Пантелей Захаров Холодов... Мы Холодовы будем... Сам я уроженный, может, слыхал, из Тима, Курской губернии. Браты мои в мещане отписались и в городе мастерством занимаются, а я мужик...
Мужиком остался. Годов семь назад ездил я туда... И в деревне был и в городе... В Тиме, говорю, был.
Тогда, благодарить бога, все живы и здоровы были, а теперь не знаю... Может, кто и помер... А помирать уж время, потому все старьте, есть которые постаршее меня. Смерть ничего, оно хорошо, да только бы, конечно, без покаяния не помереть.
Нет пуще лиха, как наглая смерть. Наглая-то смерть бесу радость. А коли хочешь с покаянием помереть, чтобы, стало быть, в чертоги божий запрету тебе не было, Варваре-великомученице молись. Она ходатайница.
Она, это верно... Потому ей бог в небесех такое положение определил, чтоб, значит, каждый имел полную праву ее насчет покаяния молить. Пантелей бормотал и, по-видимому, не заботился о том, слышит его Егорушка или нет. Говорил он вяло, себе под нос, не повышая и не понижая голоса, но в короткое время успел рассказать о многом.
Все рассказанное им состояло из обрывков, имевших очень мало связи между собой и совсем неинтересных для Егорушки. Быть может, он говорил только для того, чтобы теперь утром после ночи, проведенной в молчании, произвести вслух проверку своим мыслям: все ли они дома? Кончив о покаянии, он опять заговорил о каком-то Максиме Николаевиче из-под Славяносербска: - Да, повез парнишку... Повез, это верно...
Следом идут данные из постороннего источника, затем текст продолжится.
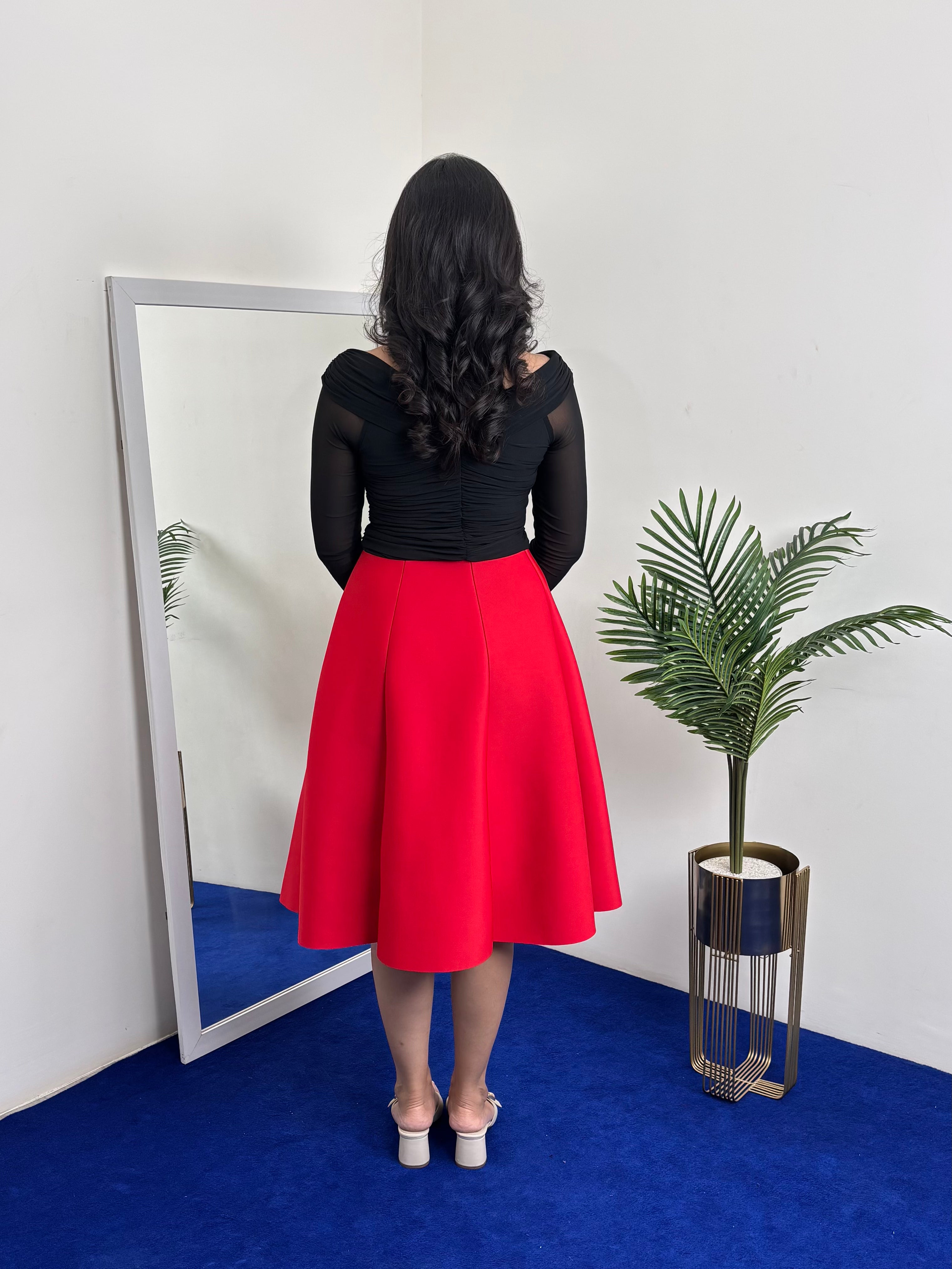 Crafted from premium scuba fabric, this solid skirt delivers a sleek, structured silhouette perfect for elevated occasions. Available in three versatile colorways, each shade offers a refined foundation for party styling—from classic neutrals to bold statement hues. The fabric's inherent stretch and recovery ensure all-day comfort without compromising the polished, contemporary aesthetic. Ideal for cocktail events, celebrations, and upscale gatherings where modern elegance meets wearable sophistication.

Один из подводчиков, шедших далеко впереди, рванулся с места, побежал в сторону и стал хлестать кнутом по земле. Это был рослый, широкоплечий мужчина лет тридцати, русый, кудрявый и, по-видимому, очень сильный и здоровый. Судя по движениям его плеч и кнута, по жадности, которую выражала его поза, он бил что-то живое. К нему подбежал другой подводчик, низенький и коренастый, с черной окладистой бородой, одетый в жилетку и рубаху навыпуск.
Этот разразился басистым, кашляющим смехом и закричал: - Братцы, Дымов змея убил! Есть люди, об уме которых можно верно судить по их голосу и смеху. Чернобородый принадлежал именно к таким счастливцам: в его голосе и смехе чувствовалась непроходимая глупость. Кончив хлестать, русый Дымов поднял кнутом с земли и со смехом швырнул к подводам что-то похожее на веревку.
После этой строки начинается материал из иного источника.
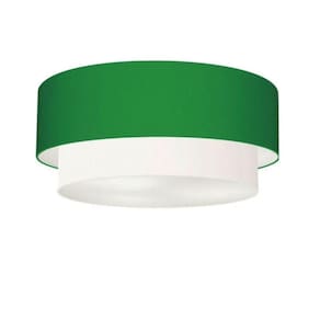 Plafon Para Banheiro Duplo Cilíndrico Vivare SB-3024 Cúpula Tecido 60x50cm Cor Verde Folha / Branco - Bivolt

Деревянно шагавший человек с подвязанным лицом быстро зашагал к убитой змее, взглянул на нее и всплеснул своими палкообразными руками. Что он тебе сделал, проклятый ты? Ишь ужика убил! А ежели бы тебя так?
Это не гадюка. Он хоть по виду змея, а тварь тихая, безвинная... Человека любит... Дымову и чернобородому, вероятно, стало совестно, потому что они громко засмеялись и, не отвечая на ропот, лениво поплелись к своим возам.
Когда задняя подвода поравнялась с тем местом, где лежал убитый уж, человек с подвязанным лицом, стоящий над ужом, обернулся к Пантелею и спросил плачущим голосом: - Дед, ну за что он убил ужика? Глаза у него, как теперь разглядел Егорушка, были маленькие, тусклые, лицо серое, больное и тоже как будто тусклое, а подбородок был красен и представлялся сильно опухшим. Это верно... Дымов, известно, озорник, все убьет, что под руку попадется, а Кирюха не вступился.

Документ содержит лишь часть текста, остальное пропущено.